■ **Source data**
******

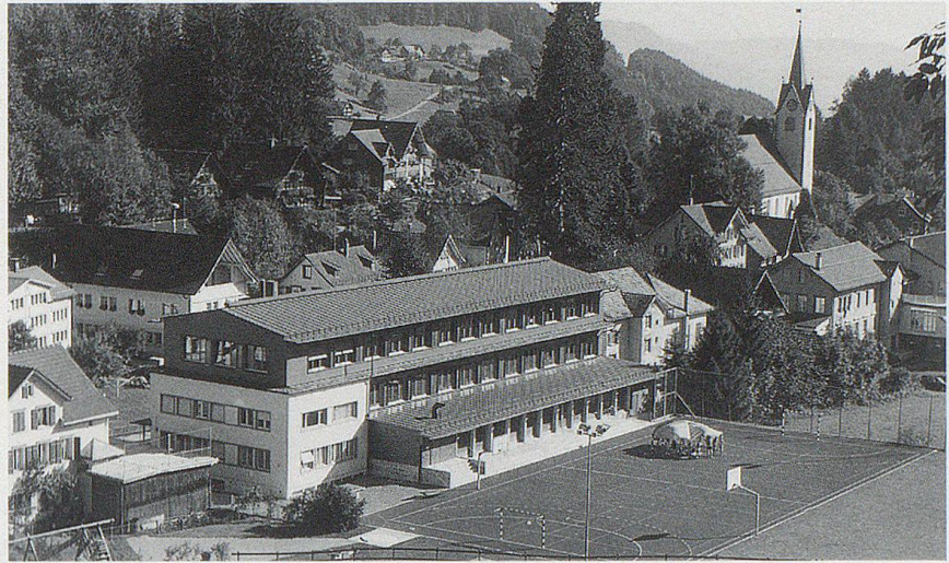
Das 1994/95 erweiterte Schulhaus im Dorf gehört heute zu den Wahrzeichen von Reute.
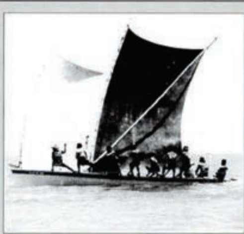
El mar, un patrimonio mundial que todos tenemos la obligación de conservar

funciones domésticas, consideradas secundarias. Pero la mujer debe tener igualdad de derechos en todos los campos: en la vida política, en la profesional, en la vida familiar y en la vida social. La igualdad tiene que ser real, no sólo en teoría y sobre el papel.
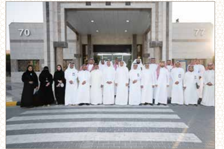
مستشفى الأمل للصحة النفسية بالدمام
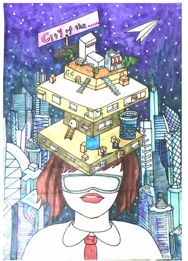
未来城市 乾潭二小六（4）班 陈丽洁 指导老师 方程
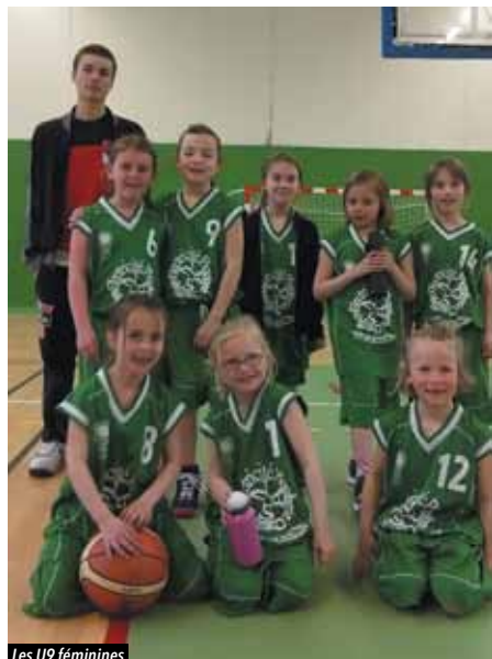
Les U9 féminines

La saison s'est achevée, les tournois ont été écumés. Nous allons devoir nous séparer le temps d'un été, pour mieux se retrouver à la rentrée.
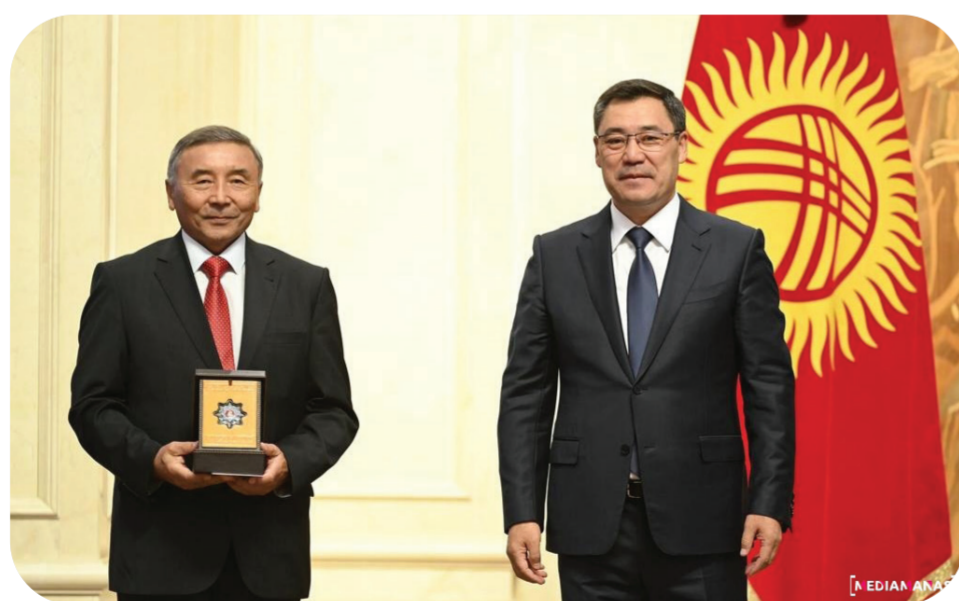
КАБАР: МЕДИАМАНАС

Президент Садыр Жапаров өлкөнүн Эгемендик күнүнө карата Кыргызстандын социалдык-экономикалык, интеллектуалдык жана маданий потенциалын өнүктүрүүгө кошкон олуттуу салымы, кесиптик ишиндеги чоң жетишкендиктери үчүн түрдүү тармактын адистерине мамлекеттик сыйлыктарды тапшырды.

******

■ **Task description**
Give the lines above again exactly, from the one containing "funciones domésticas, consideradas" to the one containing "КАБАР: МЕДИАМАНАС", both included, but leave out the pictures.

■ **Answer area**
funciones domésticas, consideradas secundarias. Pero la mujer debe tener igualdad de derechos en todos los campos: en la vida política, en la profesional, en la vida familiar y en la vida social. La igualdad tiene que ser real, no sólo en teoría y sobre el papel.
مستشفى الأمل للصحة النفسية بالدمام
未来城市 乾潭二小六（4）班 陈丽洁 指导老师 方程
Les U9 féminines

La saison s'est achevée, les tournois ont été écumés. Nous allons devoir nous séparer le temps d'un été, pour mieux se retrouver à la rentrée.
КАБАР: МЕДИАМАНАС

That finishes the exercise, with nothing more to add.